數(shù)據(jù)科學愛好者知道，在將原始數(shù)據(jù)輸入到機器學習模型之前，需要對其進行大量數(shù)據(jù)預處理。為此，需要遵循一系列標準來準備數(shù)據(jù)，具體取決于手頭問題的類型（回歸或分類）。這個過程的一個主要部分涉及以所有可能的方式評估數(shù)據(jù)集，以找到有價值的相關性（彼此和目標之間的特征依賴性）并排除噪聲（不一致或異常值，即不合格的數(shù)據(jù)點）。要探索任何數(shù)據(jù)集，Python 是可用的最強大的數(shù)據(jù)分析工具之一，此外，還有同樣強大的 Python 庫可以更好地可視化數(shù)據(jù)。

因此，為了使數(shù)據(jù)更有意義或從可用數(shù)據(jù)中提取更多價值，必須快速解釋和分析它。這是Python數(shù)據(jù)可視化庫通過生成圖形表示和讓數(shù)據(jù)說話所擅長的地方。通過這種方式，我們可以發(fā)現(xiàn)大量數(shù)據(jù)背后所有可能的趨勢和模式。

今天，數(shù)據(jù)科學和機器學習不僅僅適用于具有強大計算機科學背景的人。相反，歡迎來自不同行業(yè)的專業(yè)人士對數(shù)據(jù)有著相同的熱情，盡管他們具有一些統(tǒng)計知識，但這種趨勢正在增加。這就是為什么來自不同背景和教育背景的人傾向于嘗試數(shù)據(jù)科學和人工智能必須提供的東西。

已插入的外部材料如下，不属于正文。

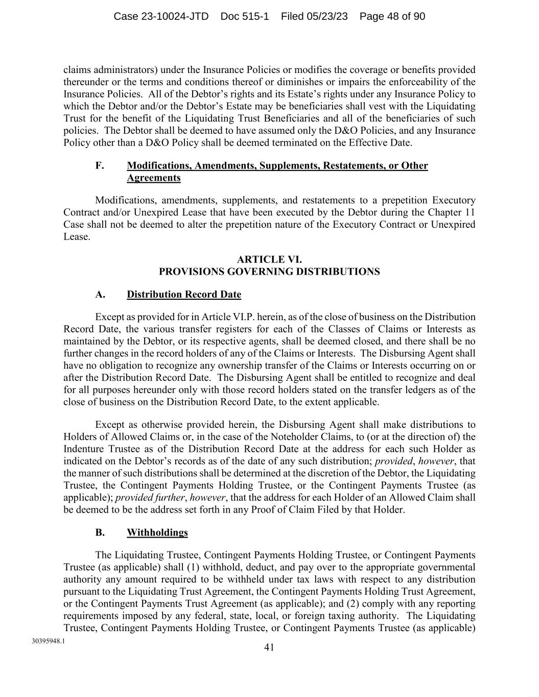4130395948.1索赔管理人)根据《保险单》或修改根据《保险单》提供的保险范围或福利或其条款和条件,或削弱或损害《保险单》的可执行性。债务人和/或债务人遗产可能成为受益人的任何保险单所规定的债务人的所有权利及其遗产的权利,均应归属清算信托,以便清算信托受益人和该等保险单的所有受益人受益。债务人应被视为仅承担了D & O保单,除D & O保单之外的任何保单应被视为在生效日期终止。F.修改、修正、补充、重述或其他协议债务人在第11章案件期间对申请前执行合同和/或未到期租约所作的修改、修正、补充和重述,不应被视为改变了申请前合同或未到期租约的性质。第六条。A.分配记录日期除本条第六款另有规定外,自分配记录日期营业时间结束时起,债务人或其各自的代理人为每一类债权或权益保存的各种转移登记册应视为已关闭,任何债权或权益的记录持有人不得再有任何变动。付款代理人没有义务承认在分配记录日期或之后发生的债权或权益的任何所有权转移。在适用的范围内,付款代理人仅有权为本协议项下的所有目的确认和处理在分配记录日期营业结束时在转移分类账上注明的记录持有人。除本文另有规定外,付款代理人应在分配记录日期向允许债权的持有人进行分配,或在票据持有人债权的情况下,向(或在其指示下)义齿受托人进行分配,地址应为截至分配日期债务人记录上注明的每一位持有人的地址;但此种分配的方式应由债务人、清算受托人、或有付款持有受托人或或有付款受托人(如适用)酌情决定;但另有规定,准许申索的每名持有人的地址,须当作该持有人提交的任何申索证明所载的地址。清算受托人、持有或有付款的受托人或或有付款的受托人(如适用)应(1)根据清算信托协议、或有付款持有信托协议或或有付款信托协议(如适用),扣留、扣除或向相应的政府机构支付税法要求的任何分配款项;(2)遵守任何联邦、州、地方或外国税务机构规定的报告要求。清算受托人、持有或有付款的受托人或或有付款的受托人(如适用)案例23-10024-JTD Doc 515-1提交05/23/23第48页,共90页

但是對于剛剛開始使用機器學習的初學者來說，理解數(shù)據(jù)的選擇太多是具有挑戰(zhàn)性的，有時甚至是壓倒性的。我們都希望我們的數(shù)據(jù)看起來很漂亮并且可以展示，以便更快地做出決策?？傮w而言，EDA可能是一個耗時的過程，因為我們仔細查看多個圖以找出哪些特征是重要的并對結(jié)果產(chǎn)生重大影響。此外，我們尋找方法來處理缺失值和/或異常值、修復數(shù)據(jù)集中的不平衡以及許多此類具有挑戰(zhàn)性的任務。因此，在選擇滿足 EDA 需求的最佳庫時，這是一個艱難的選擇。因此，對于任何開始機器學習之旅的人來說，從自動化 EDA 庫開始都是一種很好的學習體驗。這些庫提供了良好的數(shù)據(jù)整體視圖，并且易于使用。只需幾行簡單的 Python 代碼，這些庫就可以節(jié)省時間，并使新手能夠更加專注于了解如何使用這些不同的圖來理解數(shù)據(jù)。但是，初學者肯定需要對這些庫生成的圖有基本的了解。

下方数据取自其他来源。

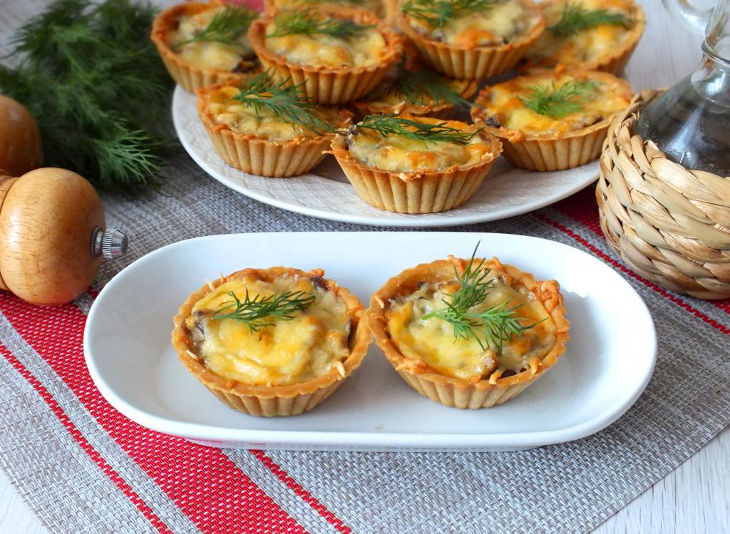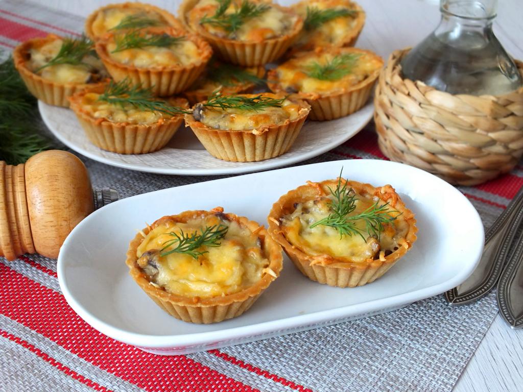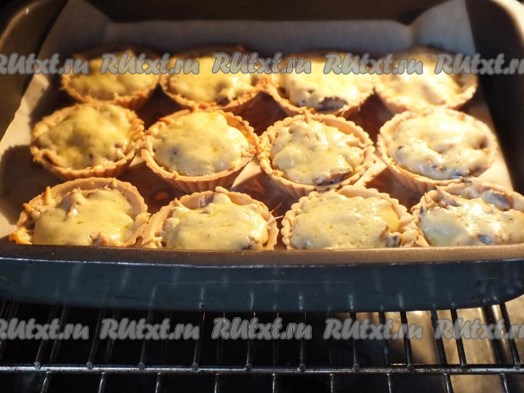 Через указанное время достаньте форму (или противень) с грибным жульеном в тарталетках. Сыр должен слегка зарумяниться.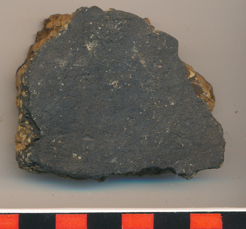 Kívül-belül eldolgozott fekete, fehér kerámiazúzalékkal erősen soványított vastag falú oldaltöredék.
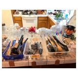 Artwork, pipes, furniture, accessories, collectibles, Disney, hutch, storage, dining table, wing back chairs, sofa, barstools, clocks, full kitchen, trundle bed, rugs, clothing, books, recliner, file cabinet, stereo, office supplies, tools, sleeping bags, tents, washer and dryer, trash compactor, water cooler, vinyls, treadmill, toolboxes, boat accessories, vacuums, Motorized wheelchair etc. |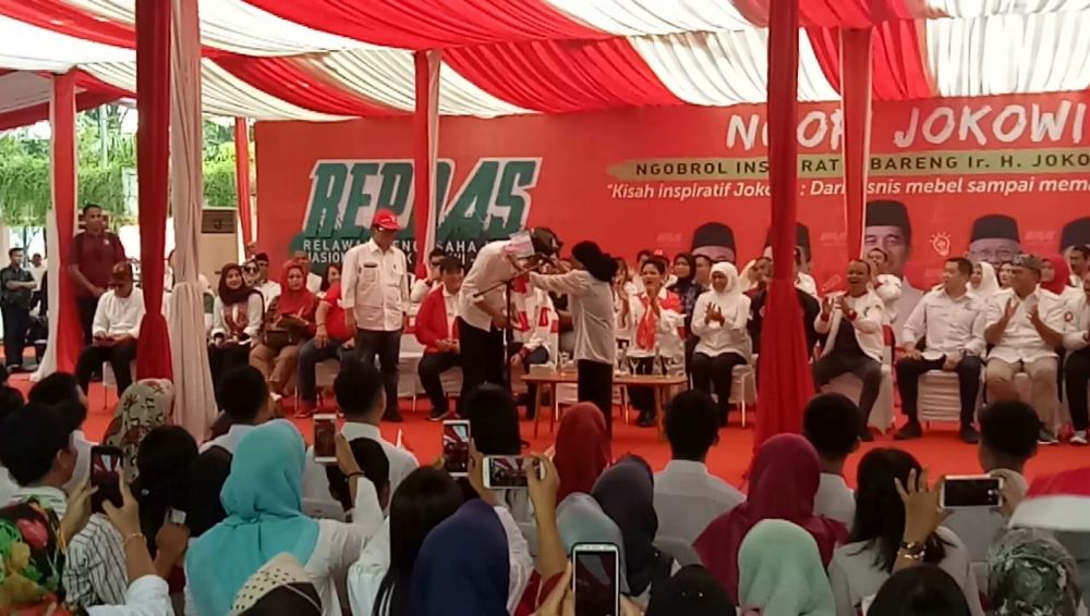 Saat itu juga, Ibu Suherman, mengalungkan syal berwarna merah putih yang telah dipersiapkan sebelumnya kepada Jokowi.

在本文中，我們將為初學者討論三個有趣的自動EDA Python 庫。對于這個初學者友好的教程，我們將使用來自sklearn 的內(nèi)置“iris”數(shù)據(jù)集。

我們將首先導入包和庫

#loading the datasetfrom sklearn import datasets import pandas as pd print("pandas:",pd. version )

?pandas: 1.3.2

data = datasets.load_iris()df = pd.DataFrame(data.data,columns=data.feature_names) df['target'] = pd.Series(data.target)df.head()

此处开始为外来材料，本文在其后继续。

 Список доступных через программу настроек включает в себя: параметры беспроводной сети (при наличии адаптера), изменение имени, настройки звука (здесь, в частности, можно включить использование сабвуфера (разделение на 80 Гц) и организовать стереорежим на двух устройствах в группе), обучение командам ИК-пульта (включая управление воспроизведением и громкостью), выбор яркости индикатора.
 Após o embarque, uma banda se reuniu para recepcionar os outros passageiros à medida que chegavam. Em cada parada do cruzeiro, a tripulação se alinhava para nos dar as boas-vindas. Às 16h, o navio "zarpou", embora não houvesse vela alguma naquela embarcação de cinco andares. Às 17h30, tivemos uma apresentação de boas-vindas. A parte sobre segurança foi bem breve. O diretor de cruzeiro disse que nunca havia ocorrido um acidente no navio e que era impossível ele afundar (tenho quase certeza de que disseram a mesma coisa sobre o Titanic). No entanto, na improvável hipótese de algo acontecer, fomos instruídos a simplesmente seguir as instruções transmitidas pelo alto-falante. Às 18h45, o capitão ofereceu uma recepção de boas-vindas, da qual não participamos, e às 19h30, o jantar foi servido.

如果我們不使用 AutoEDA，這里有一個通常用于 EDA 的命令列表，用于打印有關 DataFrame/數(shù)據(jù)集的不同信息（不一定按相同的順序）。

df.head() – 前五行
df.tail() – 最后五行
df.describe() – 有關數(shù)據(jù)集的百分位數(shù)、平均值、標準偏差等的基本統(tǒng)計信息
df.info() – 數(shù)據(jù)集摘要
df.shape() – 數(shù)據(jù)集中的觀察值和變量的數(shù)量，即數(shù)據(jù)的維度
df.dtypes() – 變量的數(shù)據(jù)類型（int、?oat、object、datetime）
df.unique()/df.target.unique() – 數(shù)據(jù)集/目標列中的唯一值
df['target'].value_counts() – 分類問題的?標變量分布
df.isnull().sum()- 計算數(shù)據(jù)集中的空值
df.corr() – 相關信息
等等...

查看我們必須使用多少命令才能在數(shù)據(jù)中找到洞察力。AutoEDA 庫可以通過幾行 Python 代碼快速完成所有這些以及更多工作。但在我們開始之前，讓我們先檢查安裝的 Python 版本，因為這些庫需要 Python >=3.6。要獲取版本信息，請在 Colab 中使用以下命令。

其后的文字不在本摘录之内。